Please press the PLAY icon below for the MisplacedStraws Blues Fix with Lance Lopez –
On who joins him for the record – Oh, man, there are so many great guitar, bass guitar players, keyboard players, drummers on the album. I was so grateful for all of the great talent that showed up to lend their services and lend their talent and lend their time to Trouble Is Good. We have Bobby Rondinelli on drums on some tracks, from Rainbow and Black Sabbath, et cetera. Danny Miranda on bass from Blue Oyster Cult. He was also in Queen with Paul Rogers. We have Buck Johnson playing keyboards from Aerosmith and the Hollywood Vampires. We also have Peter Keys from Lynyrd Skynyrd playing keyboards. We also have Juergen Carlson, formerly from Government Mule. He was currently in Government Mule at that time and we were so lucky to get him.
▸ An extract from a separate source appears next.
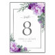 Modern Elegant Floral Purple & Silver Wedding Table Number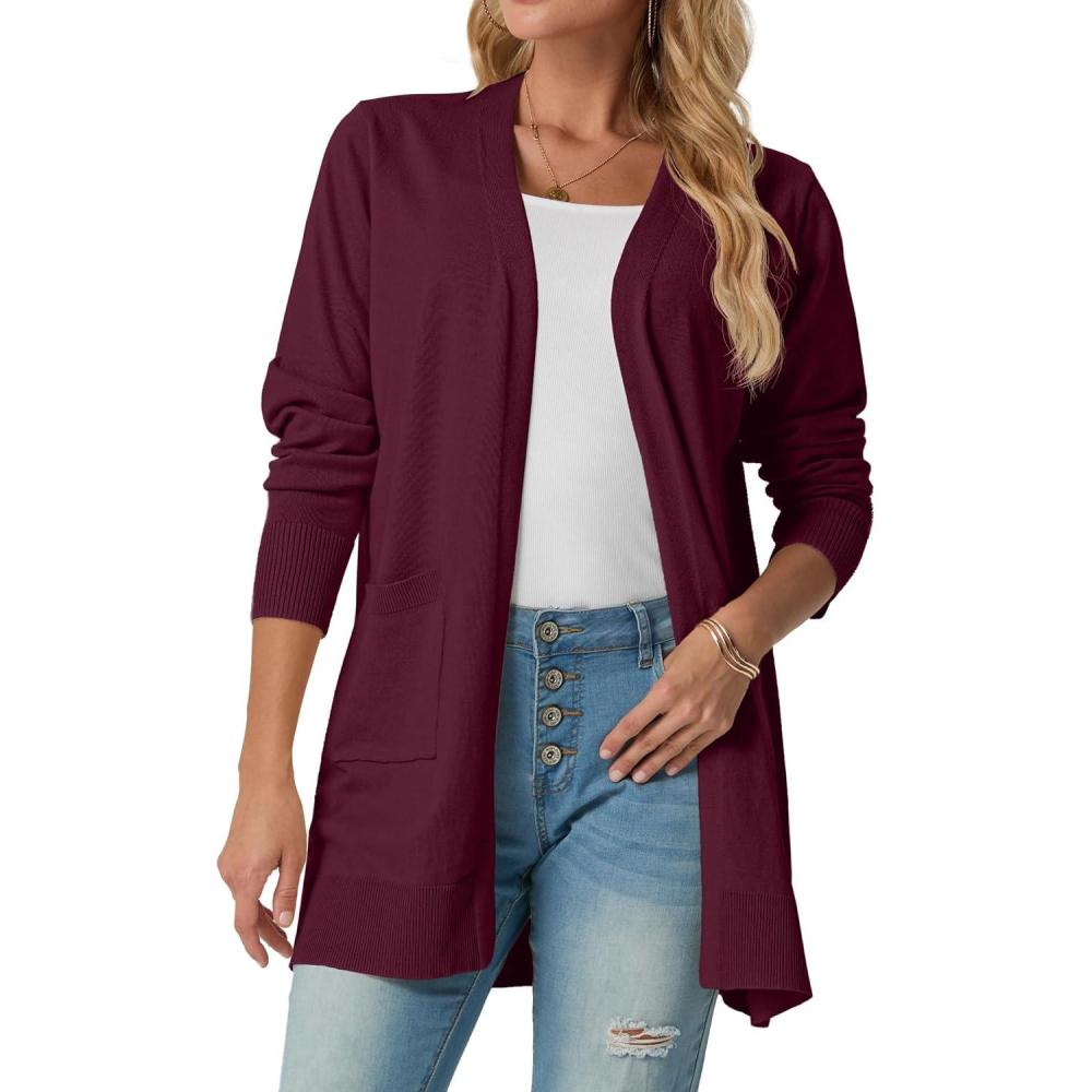 GRECERELLE Womens Lightweight Open Front Casual V-Neck Long Cardigan Sweater with Pockets, S-2XL(Burgundy)

Oddly enough, I think Warren had some health issues and they were rescheduling shows so we were able to have Juergen with some time off. Herman Matthews from Tower of Power and Stevie Wonder’s band on drums on some stuff. I mean, great, great musicians. Then our single with Greg Bissonette playing drums. The great Greg Bissonette on “Jam With Me” was absolutely stupendous. Just unbelievably amazing to have Greg on the record and he’s out with my dear friend, Steve Lukather in the Ringo All Starrs, but it was such an honor to have such great players. Brian Titchy from The Dead Daisies and Whitesnake playing drums, all my favorite drummers. John Hummel in New Jersey, who worked with Lady Gaga early on and he’s a New Jersey guy that is a friend of Brian Tichy’s. We met through a mutual friend, Joey Sykes, our producer, so John Hummel and Joey Sykes had a connection via Brian Tichy. Because we wanted this album to feature more of the rock side of the blues rock. I’m a blues rock artist is kind of what I’m categorized in. So during the pandemic, that was kind of one of the themes was, “Let’s make a record that features the blues rock side of the genre”. So we, I wanted to call in some of my favorite guys that play rock today and, and present some of these blues based songs to them and see how they would translate.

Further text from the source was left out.